US President Barack Obama wants to introduce new laws to prosecute those who sell botnets and stolen US financial data, and allow authorities to halt sales of spyware used to commit ID theft or stalk citizens.
Speaking overnight during a tour of the Department of Homeland Security's cyber security nerve centre, Obama renewed his push to strengthen his country's cyber security laws following recent large-scale attacks against the likes of Sony Pictures and Target.
He said such attacks had highlighted the need to secure financial systems, power grids and healthcare systems against malicious actors.
"We've got to stay ahead of those who would do us harm. The problem is that government and the private sector are still not always working as closely together as we should," Obama said.
Congress has tried and failed for years to pass legislation to encourage companies to share data from attacks with the government, and each other, but grappled with liability issues raised by companies and privacy concerns from civil liberties groups.
But Obama has proposed legislation, due to be sent to Congress today, that seeks a balance.

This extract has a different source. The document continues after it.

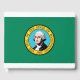 Dieses Design zeichnet sich durch die Flagge des Staat von Washington aus, der sich in der Pazifikregion Nordwesten der Vereinigten Staaten befindet. Sie ist nach George Washington (1732-1799) benannt, dem ersten US-Präsidenten. Washington wird oft als Washington Staat bezeichnet, um es von der Hauptstadt des Landes, Washington D.C., zu unterscheiden. Die Fahne zeigt das Siegel des Staat, das ein Bild des Staat George Washington auf einem dunkelgrünen Feld enthält. Es ist die einzige US-Staatsflagge mit einem grünen Feld; es ist auch die einzige Staatsflagge, die das Image eines amerikanischen Präsidenten enthält.

To address the challenges of information sharing, the US government has proposed to offer liability protection to companies that provide information in near real-time to the government, but require them to strip it of any personal data.
Obama has also floated allowing law enforcement to prosecute those who sell botnets and stolen US financial information such as credit card and bank account numbers. The authorities would also be able to "deter the sale" of spyware used to stalk or commit ID theft.
Under the proposed legislation, courts would have the power to shut down botnets used for distributed denail of services attacks.
The draft laws also include a national data breach reporting scheme. Obama has previously announced his intention to give businesses 30 days to notify cusomters if their personal information has been compromised.